* Saudi, Russia support supply cut extension through Q1 2018
* Volume of cuts initially to remain unchanged
* Saudi, Russia hope to involve more producers in cuts (Updates prices, previous SINGAPORE)
LONDON, May 15 (Reuters) - Oil rose more than 2 percent on Monday to $52 a barrel after top exporter Saudi Arabia and Russia said supply cuts needed to last into 2018, a step towards keeping an OPEC-led deal to support prices in place longer than originally agreed.
Energy ministers from the two countries said on Monday that supply cuts should be extended for nine months, until March 2018. That is longer than the optional six-month extension specified in the deal.
Brent crude, the global benchmark, had risen $1.20 to $52.04 a barrel by 0847 GMT and traded intraday at $52.26, the highest since April 26.
U.S. crude was up $1.18 at $49.02 a barrel.
Oil has gained support from the supply deal but inventories remain high and output from other producers such as the United States is rising, keeping prices below the $60 that Saudi Arabia would like to see.
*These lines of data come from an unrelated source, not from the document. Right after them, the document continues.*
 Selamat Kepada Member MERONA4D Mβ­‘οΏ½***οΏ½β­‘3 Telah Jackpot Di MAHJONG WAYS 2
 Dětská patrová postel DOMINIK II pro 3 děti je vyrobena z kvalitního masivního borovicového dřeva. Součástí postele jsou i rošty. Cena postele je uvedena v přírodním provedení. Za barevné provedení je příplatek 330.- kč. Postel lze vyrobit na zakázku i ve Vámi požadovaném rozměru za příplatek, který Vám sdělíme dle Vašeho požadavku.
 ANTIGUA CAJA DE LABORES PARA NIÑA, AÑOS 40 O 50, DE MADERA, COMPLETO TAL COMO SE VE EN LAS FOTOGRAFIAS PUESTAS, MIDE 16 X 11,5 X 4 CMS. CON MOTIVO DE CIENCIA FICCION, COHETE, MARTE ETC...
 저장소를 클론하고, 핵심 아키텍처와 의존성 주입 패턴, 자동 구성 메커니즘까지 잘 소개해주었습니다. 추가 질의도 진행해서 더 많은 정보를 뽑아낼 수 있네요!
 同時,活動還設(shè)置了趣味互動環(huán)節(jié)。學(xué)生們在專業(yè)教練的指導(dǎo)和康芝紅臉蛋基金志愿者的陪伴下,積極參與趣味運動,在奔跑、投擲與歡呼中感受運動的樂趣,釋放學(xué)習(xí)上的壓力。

"There has been a marked reduction to the inventories, but we're not where we want to be in reaching the five-year average," Saudi Energy Minister Khalid al-Falih told a briefing in Beijing alongside his Russian counterpart Alexander Novak.
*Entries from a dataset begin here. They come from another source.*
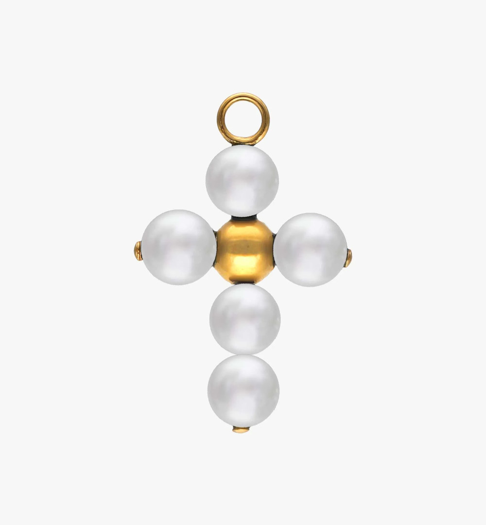 Zlatom pozlaćeni srebrni križ s bijelim okruglim biserima od 6 mm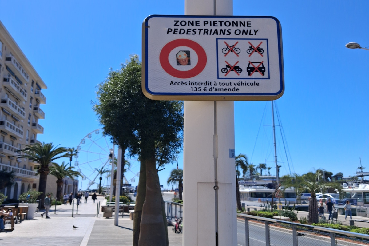 Zu schnell kann ich Frankreich richtig teuer werden. Und manchmal steht der Preis direkt auf dem Verbotsschild. Mit dem Fahrrad über den Bürgersteig? Da ist man mit 135€ dabei. Offenbar hilft und funktioniert das, denn wir haben dort nie jemanden fahren sehen.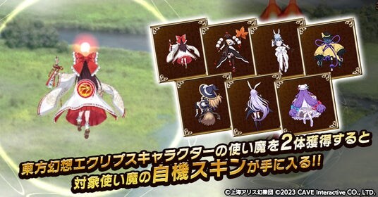 イベント開催期間中に東方幻想エクリプスの特定のキャラクター使い魔を2体獲得すると、対象キャラクターの自機スキンを手に入れることができます。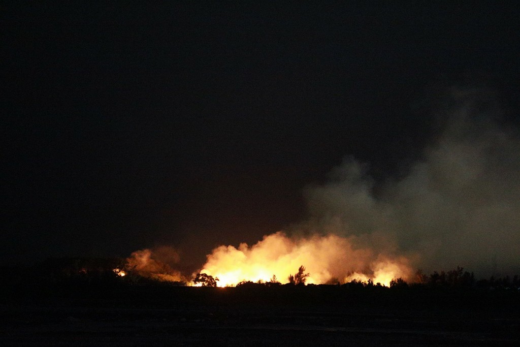 消防人員確認無人受困後,經半小時搶救,目前已將現場火勢完全撲滅。根據初步勘驗,現場僅約60坪的雜草遭燒毀,並未波及到防風林,也無人員傷亡,疑似是煙火爆炸產生的火星波及雜草才導致火警,但確切的起火原因仍有待後續進一步釐清。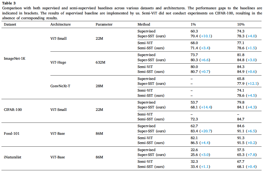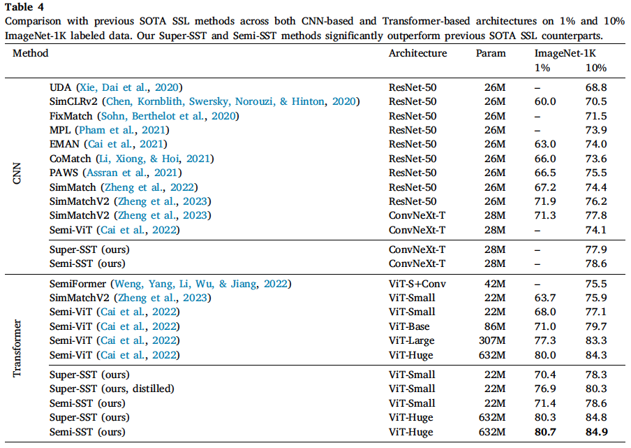 \textbf{可扩展性}. 如表3所示,Super-SST 和 Semi-SST 在使用像 ViT-Huge 这样更大的架构时均显示出显著的改进,表明随着模型容量的增加具有更好的可扩展性。例如,在 1% / 10% 的 ImageNet-1K 标注数据和 ViT-Huge 架构下,Super-SST 相对于监督基线显示出 6.6% / 3.0% 的相对提升,而 Semi-SST 相对于半监督基线显示出 0.7% / 0.6% 的相对提升。

"We've come to the conclusion that the agreement needs to be extended."
The Organization of the Petroleum Exporting Countries, Russia and other producers originally agreed to cut output by 1.8 million barrels per day in the first half of 2017, with a possible six-month extension.
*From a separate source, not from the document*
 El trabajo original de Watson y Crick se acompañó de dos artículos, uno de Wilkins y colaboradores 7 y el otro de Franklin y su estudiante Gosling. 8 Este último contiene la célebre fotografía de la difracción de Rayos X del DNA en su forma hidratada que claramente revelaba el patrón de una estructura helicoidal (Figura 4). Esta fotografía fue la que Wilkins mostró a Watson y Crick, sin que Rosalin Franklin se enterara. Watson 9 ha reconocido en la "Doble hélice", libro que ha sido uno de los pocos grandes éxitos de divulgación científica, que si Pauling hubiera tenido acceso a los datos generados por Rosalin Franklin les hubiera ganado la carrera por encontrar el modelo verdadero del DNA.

The ministers said they hoped other producers would join the supply cut, which will initially be on the same volume terms as before.
Oil traders and analysts were surprised by the strong wording of the announcement.
"It is certainly a strong statement to include already 2018, while it may also be aimed at improving the chances of keeping other participants on side when it comes to the next round of talks in 10 days," analysts at JBC Energy said in a report.
OPEC and the non-OPEC countries meet to decide policy on May 25 in Vienna, and OPEC has also invited two small producers not involved in the original deal, Egypt and Turkmenistan, to attend.
However, higher output from the United States, which did not participate in the agreement to cut supplies, has limited the impact of the OPEC-led effort. <C-OUT-T-EIA>
U.S. energy firms added oil rigs for a 17th week in a row, extending a 12-month drilling recovery, energy services firm Baker Hughes Inc said on Friday. (Additional reporting by Henning Gloystein; Editing by Dale Hudson)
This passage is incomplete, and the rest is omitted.